Saturday, April 21, 2018

April 19th – A Bumpy Boat Ride in Muscat


When we sailed into Muscat’s attractive harbour, with the Sultan’s huge yacht (the size of a small cruise ship) manoeuvring next to us, it seemed like a great day to go for a boat ride – clear skies, warm breezes and what looked like smooth seas.

I should have guessed that trouble lay ahead when they offered us seasickness pills before we got on the boat. We all laughed – don’t they know we’ve been on a ship for the last 3 and a half months, the odd little wave won’t trouble us!

Wrong. We then embarked on an incredibly bumpy ride on a small speedboat through what were probably 2-metre high waves, getting smashed around like we were on an out-of-control rollercoaster, while getting regular soakings from the waves. The purpose of our boat ride was to try to see some dolphins, but the dolphins had clearly been better briefed on the sea conditions than we’d been, so they stayed below the surface.

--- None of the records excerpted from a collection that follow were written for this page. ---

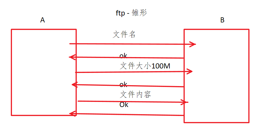 最初的ftp工作原理如上图,A主机发送文件名给B主机,B主机接收到文件名之后返回给A确认的信号,之后A主机发送文件大小信息给B主机,B主机接收到信息之后又返回给A主机…这种工作模式效率比较低,而且如果丢失了其中任何一个步骤,需要重新从头再来,后来人们就采用了如下协议,也就是数据包的格式: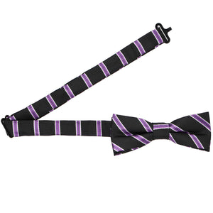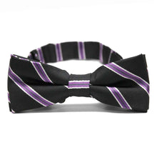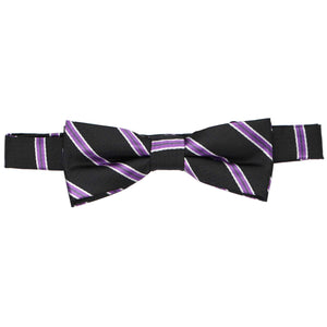 This classic black striped boys' bow tie is the epitome of timeless style. Subtle grape purple, white, and dark gray pencil stripes add just the right touch of sophistication, making it a versatile choice for any occasion. The pre-tied design ensures easy wear, while the adjustable band provides a comfortable fit. A must-have accessory that never goes out of style!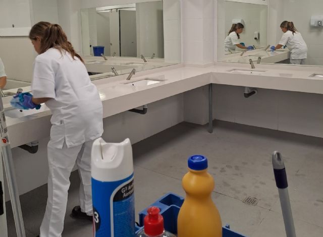 Añadir las más de 100 horas de trabajo dedicadas a la limpieza de los aseos del recinto ferial, así como de los camerinos instalados en los distintos montajes que han servicio para acoger los eventos musicales y otras atracciones en La Merced, Plaza de España y Huerto de la Rueda, por personal de la sección de Limpieza de Interiores.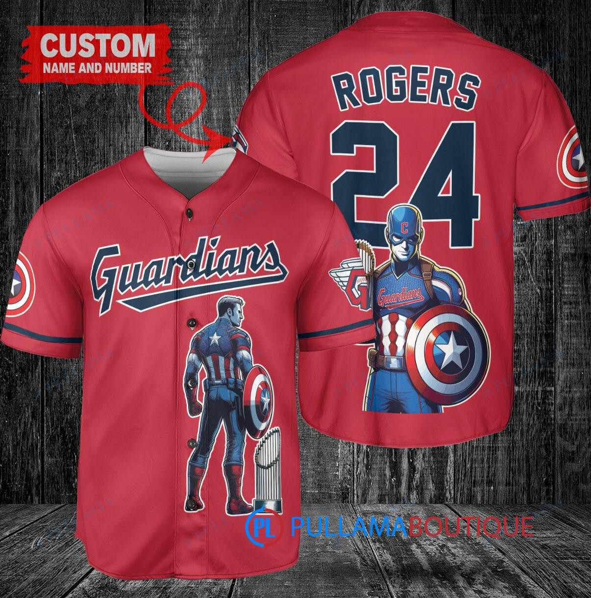 Cleveland Guardians x Marvel Captain America Steve Rogers with Trophy Custom Baseball Jersey Red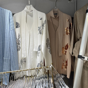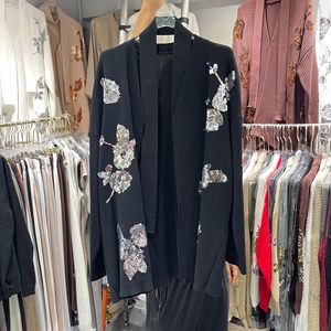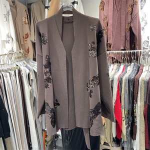 重工亮片立体绣花中长款长袖针织开衫女秋季新款时尚花朵毛衣外套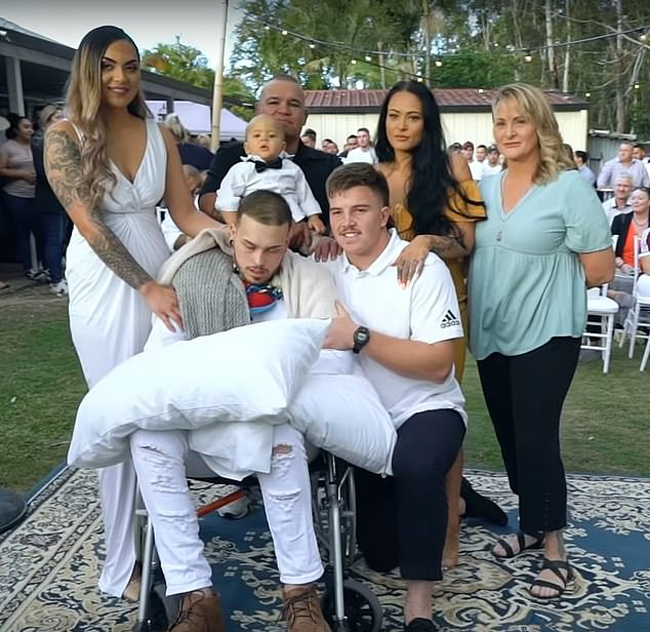 Navar (ngồi xe lăn), vợ Maia (bìa trái) cùng con trai Kyrie và người thân trong đám cưới được tổ chức ở Queensland hôm 24/6. Ảnh: FB.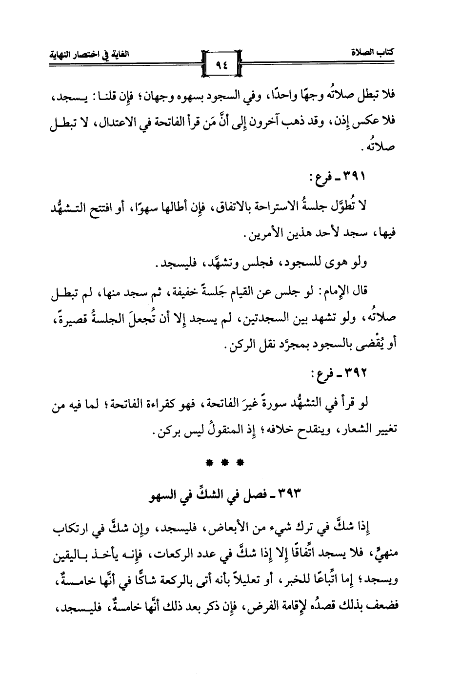 لا تُطوَّل جلسةُ الاستراحة بالاتفاق، فإِن أطالها سهوًا، أو افتتح التشهُّد فيها، سجد لأحد هذين الأمرين.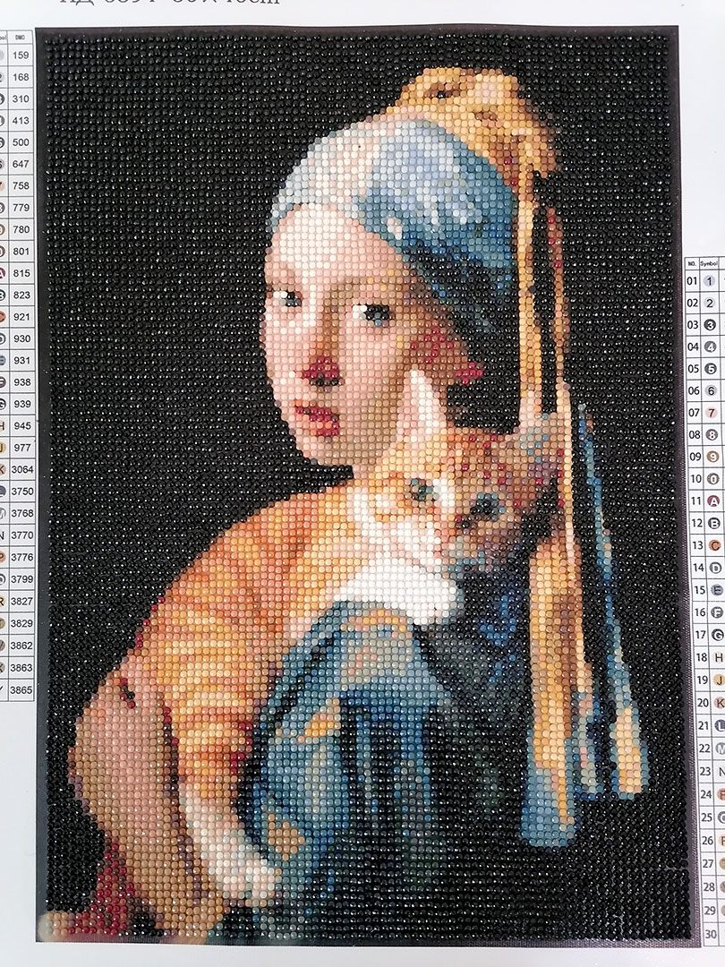 К концу года успела доклеить алмазную мозаику «Девушка с котом». Исходником послужила фотография — косплей на одну из наиболее известных картин нидерландского художника Яна Вермеера.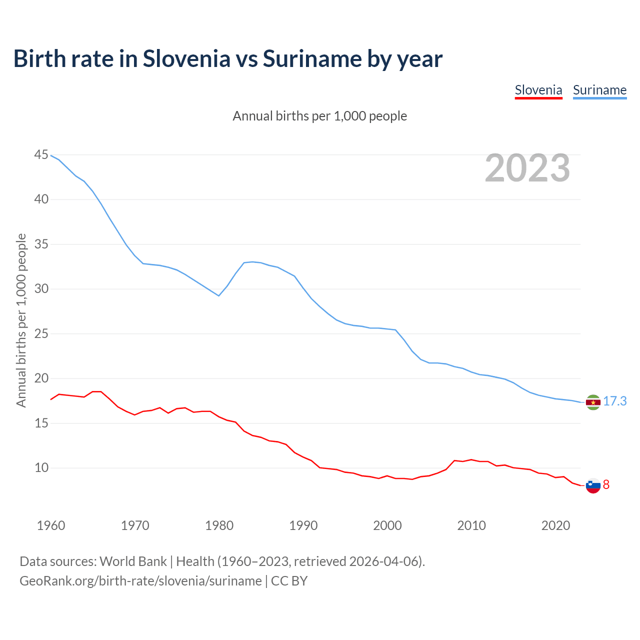 GeoRank.org/birth-rate/slovenia/suriname | CC BY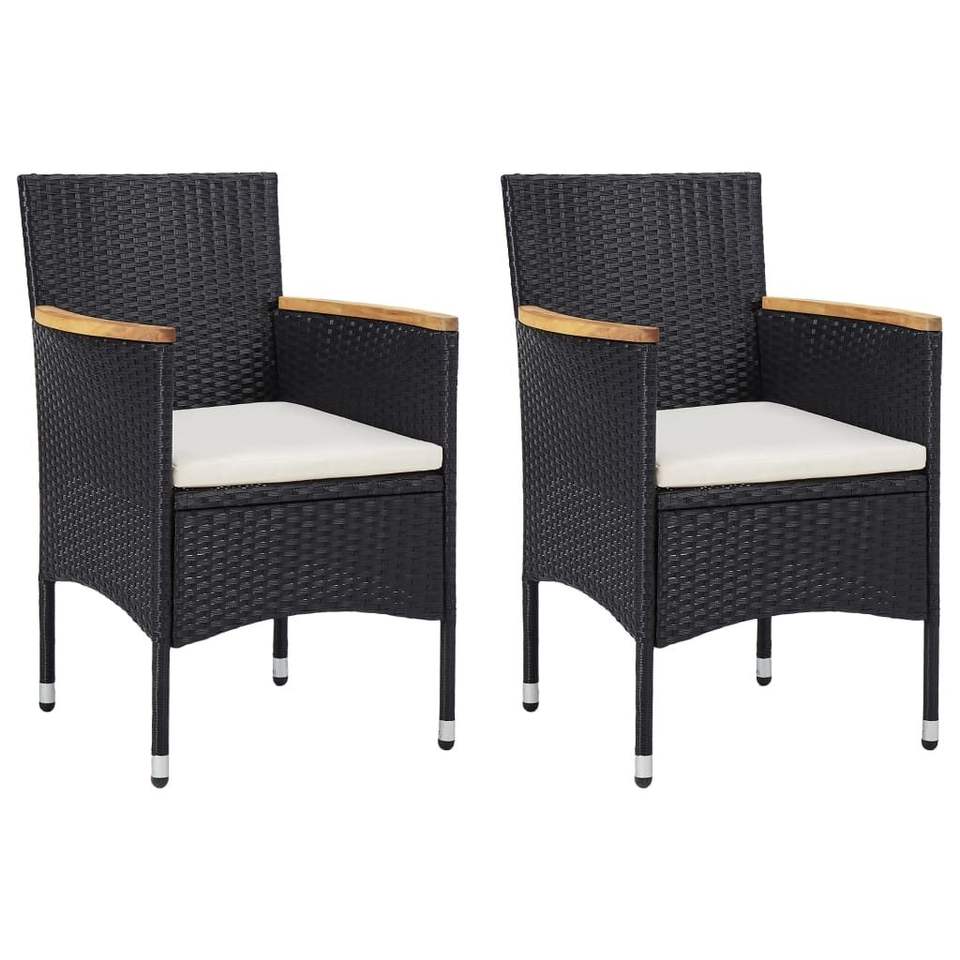 Set di 2 Sedie da Giardino in Polyrattan Nero, Dimensioni Standard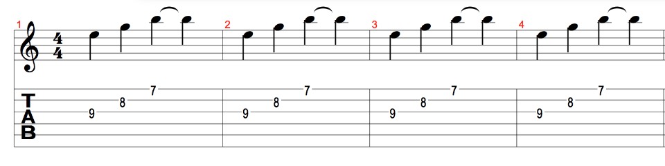 Anda bisa mempraktikkan latihan ini sebaliknya - dari tinggi ke rendah. Ini akan membantu Anda menguasai prinsip dasar teknik - gerakan halus dan konstan dari pick hand dan terpisah, namun tanpa jeda memetik dari neck gitar.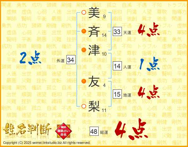 美(9画)斉(14画)津(10画) 友(4画)梨(11画)
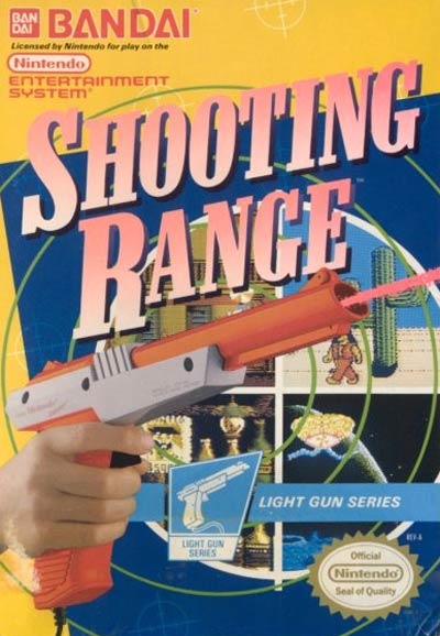 Shooting Range is a video game for the Nintendo Entertainment System made by Bandai in 1989. It involves mini-games resembling the Old West. (With the exception being the moon level.) The objective is simple: shoot the red and white targets on the character's heads and watch your energy level. It also includes a carnival-style game where you shoot glass bottles in a saloon.

After an hour of fruitless dolphin hunting, I finally persuaded the boat driver to end the torture and take us to the coast for some snorkelling. Fortunately, we found a sheltered cove and dived in. The water was “refreshing” but not too cold to stop us having about an hour’s snorkel over the coral. I don’t know if it was the sea conditions that day or if it’s always like that, but there was a lot of sediment in the water so visibility wasn’t the best, however there was plentiful sealife down there – a couple of people even spotted a turtle emerging out of the murk.

Then it was time to get on the rollercoaster again, as we bounced our way past the spectacularly stark coastline, passing plenty of luxury hotels along the way.

At the end of our trip, I was feeling a little queasy, but I’d arranged to meet up for lunch with some friends in town. We ate at a nice Omani restaurant called Bait Al Lubain, which isn’t too far from the port gates (opposite the fish market), however the morning’s stomach-churning activities had meant that my appetite had left me somewhat. We had expected (I’m not sure why) that the food would be similar to Lebanese food, but there wasn’t a hummus, falafel or moutabal in sight, and the food seemed to have more of an influence from India than the Levant. Nevertheless, the food was tasty and the company was good.

Today was a reminder that sometimes, when you take to the water, it’s better to do it on a large luxury cruise ship with stabilisers than on a small, bumpy speedboat.






Tuesday, April 17, 2018

April 15th and 16th – 2 Days in Mumbai


Our two days in Mumbai were, exhilarating, exotic and exhausting. The colours were eye-popping, the tastes were mouth-watering, and some of the smells were stomach-churning.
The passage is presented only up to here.